Powitalnia - Przywitanie
Kazik - Nie 01 Kwi, 2012 05:36 Temat postu: Przywitanie Witam i pozdrawiam wszystkich.
Nie piję 25 dni. Czasami mnie "szarpie". Szukam wsparcia w wytrwaniu.
Na tym forum znajduję je.
Aktualnie szacuję swoje straty zdrowotne, (a są). Próbuję ocenić czas potrzebny do powrotu do formy, i do normalnych treningów biegowych, które przerwałem ok. 12.2010.
Czy ktoś to przerabiał ? Chętnie wymienię doświadczenia.

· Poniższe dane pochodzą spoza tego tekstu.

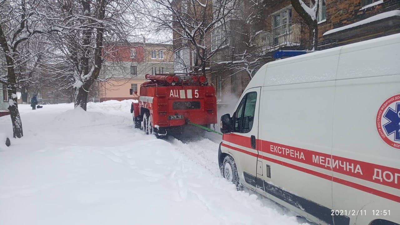 У Луцьку із заметів визволили вантажівку, що везла резервуар із киснем у пологовий будинок
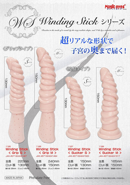 性欲の高い方におすすめなのが、こちらの「うねるディルド」です。この「ワインディングスティック」は、ピストンも奥突きも思いのままに楽しめるといううねる立体螺旋フォルムのグリップ式ディルド!膣奥をホンモノ以上の挿入感で刺激し、むっちり弾力のエラストマー素材と刺激的な凸凹スパイラル形状でかつてないほどに充足感を与えてくれます。こちらのグリップSタイプは初〜中級者の方に最適なサイズとなっていて、小ぶりな亀頭で挿入もしやすく先端のソリがぐりぐりとねじ込み、うねるような快感をお届けします!扱い易い持ち手が付いて、純日本製で安心。 |
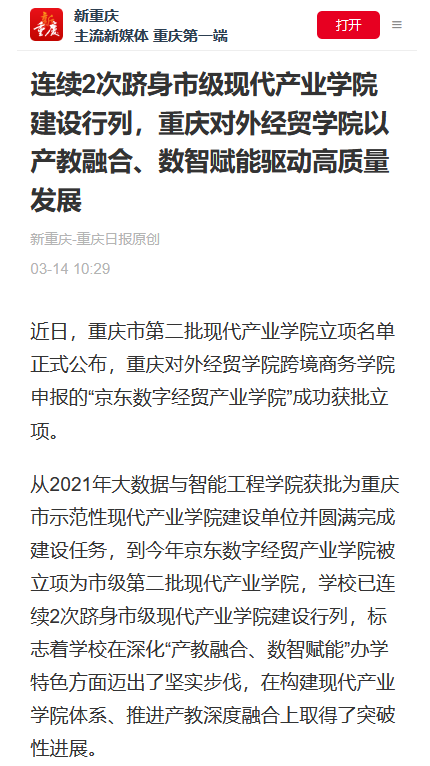 《重庆日报》报道连续2次跻身市级现代产业学院建设行列,重庆对外经贸学院以产教融合、数智赋能驱动高质量发展
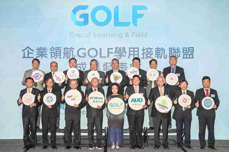 GOLF学用接轨联盟集结企业和学校的力量,,打造「学用合一、、、产学接轨」的创新合作平台 (前排左起:淡江大学副校长何启东、、元智大学校长林启瑞、、纬育执行长许延岳、、纬创总经理暨执行长黄柏漙、、、、教育部政务次长范巽绿、、、、尊龙集团董事长暨执行长彭双浪、、仁宝总经理暨执行长翁宗斌、、、大同大学校长何明果、、圣约翰科大校长艾和昌;后排左起:明新科大校长林启瑞、、龙华科大校长葛自祥、、、、台湾科大校长廖庆荣、、、中兴大学副校长郑政峯、、、、中央大学校长周景扬、、、、台北科大副校长任贻均、、、、中华科大副校长石大明、、明志科大校长刘祖华)
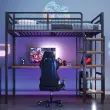 Kovinska podstrešna postelja 90x200 cm z mizo in policami, črna

Moja walka przebiega oczywiście nie tylko na tym froncie
głęboka otchłań - Nie 01 Kwi, 2012 05:46
Witaj Kazik, z tej strony Anka .
Krzysztof 41 - Nie 01 Kwi, 2012 06:20
Cześć Kazik
Cytat: | Czy ktoś to przerabiał |
Coś mi się zdaje że większość ludzi.
Wiedźma - Nie 01 Kwi, 2012 07:06
Cześć Kazik
Jestem Ewa - alkoholiczka i lekomanka
Kazik napisał/a: | Moja walka przebiega oczywiście nie tylko na tym froncie |
A z kim, czy z czym walczysz?
matiwaldi - Nie 01 Kwi, 2012 07:08 Temat postu: Re: Przywitanie cześć Kazik
Kazik napisał/a: | . ..Nie piję .... |
to mamy tak samo
Kazik napisał/a: | Szukam wsparcia w wytrwaniu.

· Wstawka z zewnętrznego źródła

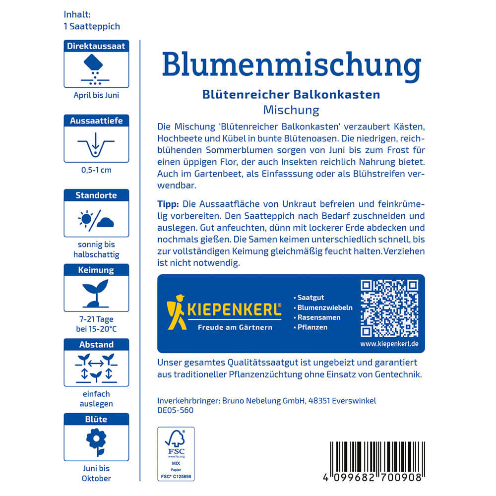 Vsebina paketa:1 kos Mešanica. Zabojčke, dvignjene gredice in posode spremeni v čarobno oazo cvetja. Vir hrane za številne žuželke. Cveti od junija do zmrzali.
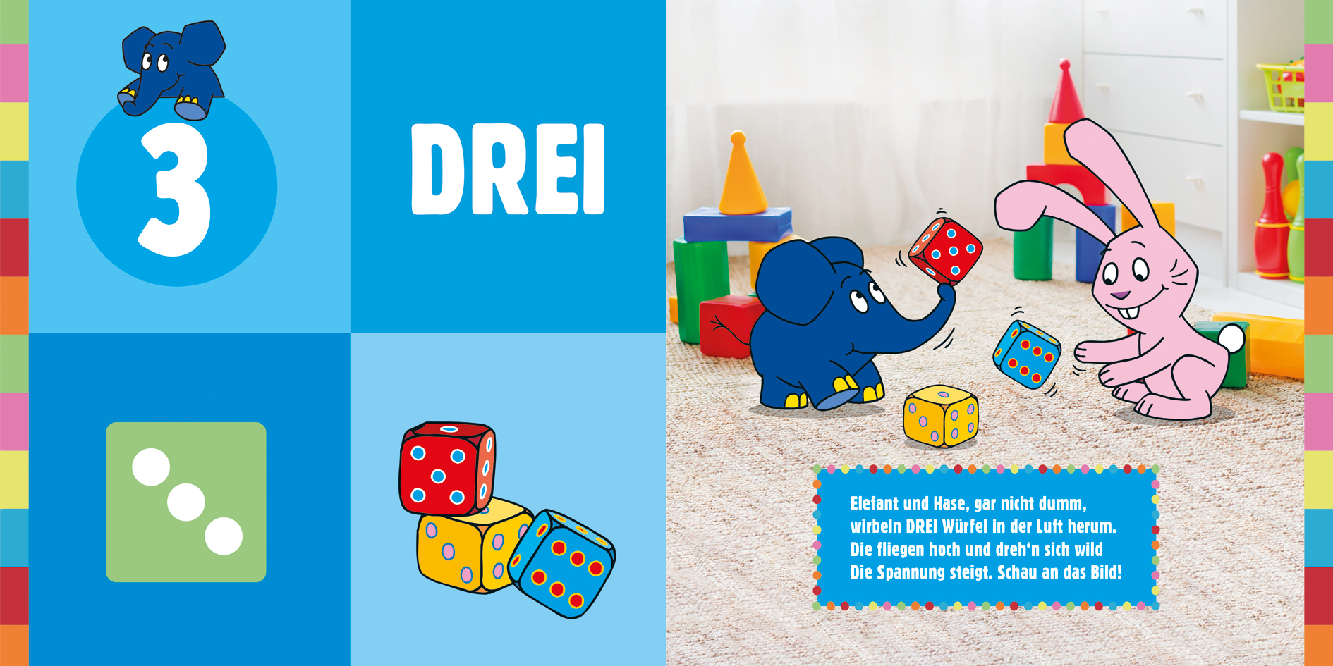 | Schlagworte | Elefant • Entdecken • Hase • Lernen • Spielen • Spielerisch • Zahlen |

Na tym forum znajduję je. |
i tu mam podobnie...
Kazik napisał/a: | Moja walka przebiega oczywiście nie tylko na tym froncie |
i tu Bracie się różnimy......ja już nie walczę....nie mam frontów ,przeciwników.....
zwyczajnie nie pije i godzę się z ludźmi i z tym czego nie mogę zmienić , natomiast zmieniam siebie,bo tylko tyle mogę....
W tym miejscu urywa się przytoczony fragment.